GM ignition death toll hits 50

David Shepardson
Detroit News Washington Bureau

Washington — General Motors Co.’s ignition compensation fund said Monday it has approved one more death claim, bringing to 50 the total of fatalities attributed to the faulty switches.

GM compensation adviser Kenneth Feinberg also approved as approved 50 death claims, one more than the previous week, along with three new injury claims, bringing that total to 75. Of that injury total, seven are for very serious injuries and 68 are for minor injuries.

The number of death claims rose to 338, up 27, and serious injury claims rose to 224, up 17. Feinberg has declared 386 ineligible, including 58 death claims, while 802 claims are still under review and 847 have been submitted without documentation.

The number of total claims has now topped 3,000 with just five days remaining to file new claims.

Last month, Camille Biros, the deputy administrator of the compensation fund, said it has made 65 offers and 41 have been accepted. None have been rejected.

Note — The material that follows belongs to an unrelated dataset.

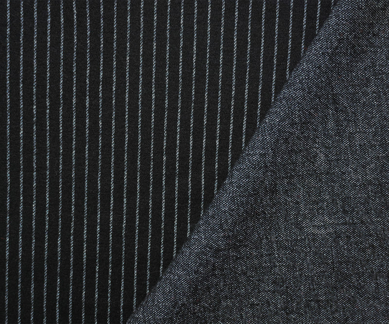 Black-Gray Wool Blend Stretch Stripe Jacquard Double Knit Fabric

GM set up the fund to compensate those hurt — or the families of those killed — in 2.59 million now-recalled Chevrolet Cobalts, Saturn Ions and other cars with defective ignition switches that can inadvertently turn the engine off and disable power steering and air bags.

The automaker has said it expects to spend $400 million on claims, but said it could rise as high as $600 million. Asked if GM expected that figure to rise, GM CEO Mary Barra said earlier this month that the company hadn't changed its guidance.

In May, GM paid a record $35 million fine to the National Highway Traffic Safety Administration for the ignition switch recall that was delayed by nearly a decade, and agreed to up to three years of intense oversight by the safety agency.

The delayed recall has prompted investigations from the Justice Department, Congress, 48 state attorneys general, the Securities and Exchange Commission and U.S. and Canadian regulators. Barra fired at least 15 people in the aftermath of a scathing internal report written by an outside law firm and is searching for a new general counsel. GM made significant changes to its safety recall review process in the wake of the recalls.

In November, Feinberg recommended and GM agreed to extend the deadline 30 days until Jan. 31 — a month later than planned — as GM sent 850,000 letters to newly registered owners and others notifying them of the program.

Feinberg has said it could take six months to complete the review of all applications once the final claims are submitted, meaning it may not be until summer before the final tallies are known.